Only text belongs in your copy of the listing below; reproduce it exactly and leave out the pictures.

►

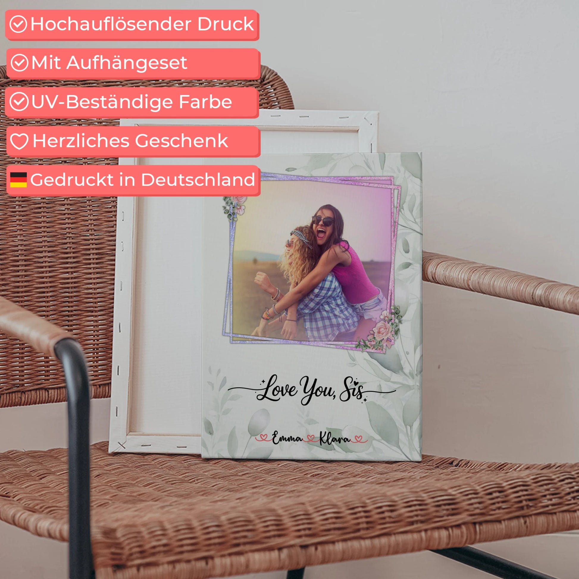 Leinwand Schwester Love you sis 1 Foto & Namen mit Wunschtext
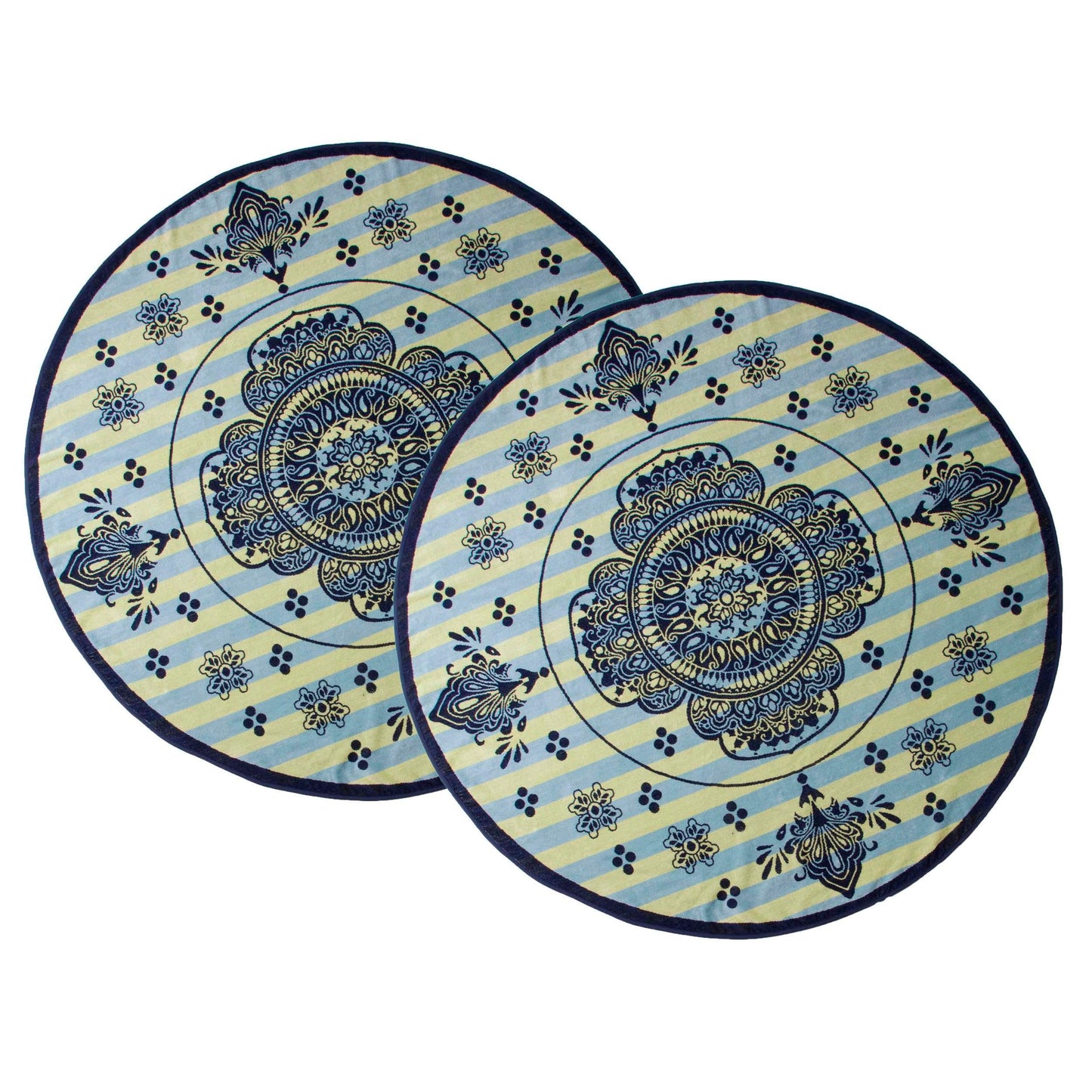Get ready to enjoy some fun in the sun with the 60" Round Beach Towel. Crafted from 100% Cotton, this Indie beach towel features an intricate swirling floral pattern in white resting over a foundation of royal blue. Molinillo beach towel features a bright geometric pattern in bright blue and green. Rangoli beach towel features a medallion and damasks resting atop a striped pattern in light blue and green.This charming towel is a must-have summertime accessory.This charming towel is a must-have summertime accessory. This stylish and functional design gets softer after every wash and features an absorbent 2-ply construction. Get ready to head to the pool, the ocean, or vacation with this gorgeous and unique beach towel.
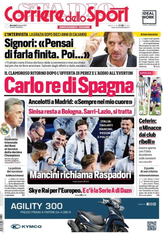 L'edizione odierna del Corriere dello Sport apre stamattina in prima pagina che le parole di Ceferin: "Minacce dai club ribelli". Continua la guerra tra l'UEFA e Juventus, Real Madrid e Barcellona dopo il caso Superlega. Sono attese a breve intanto le prime sanzioni nei confronti di queste tre società.
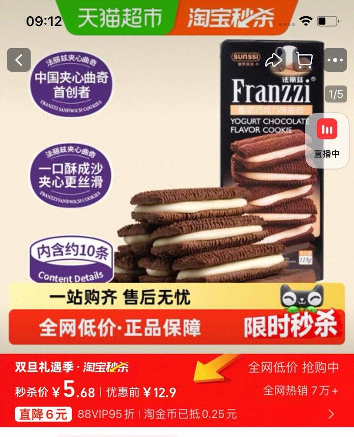 法丽兹酸奶巧克力曲奇115g➽6.5元
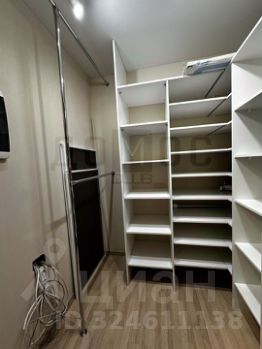 Отдельная гардеробная комната со встроенной системой хранения вещей.

◄

* _Answer section_:
 Leinwand Schwester Love you sis 1 Foto & Namen mit Wunschtext
Get ready to enjoy some fun in the sun with the 60" Round Beach Towel. Crafted from 100% Cotton, this Indie beach towel features an intricate swirling floral pattern in white resting over a foundation of royal blue. Molinillo beach towel features a bright geometric pattern in bright blue and green. Rangoli beach towel features a medallion and damasks resting atop a striped pattern in light blue and green.This charming towel is a must-have summertime accessory.This charming towel is a must-have summertime accessory. This stylish and functional design gets softer after every wash and features an absorbent 2-ply construction. Get ready to head to the pool, the ocean, or vacation with this gorgeous and unique beach towel.
 L'edizione odierna del Corriere dello Sport apre stamattina in prima pagina che le parole di Ceferin: "Minacce dai club ribelli". Continua la guerra tra l'UEFA e Juventus, Real Madrid e Barcellona dopo il caso Superlega. Sono attese a breve intanto le prime sanzioni nei confronti di queste tre società.
 法丽兹酸奶巧克力曲奇115g➽6.5元
 Отдельная гардеробная комната со встроенной системой хранения вещей.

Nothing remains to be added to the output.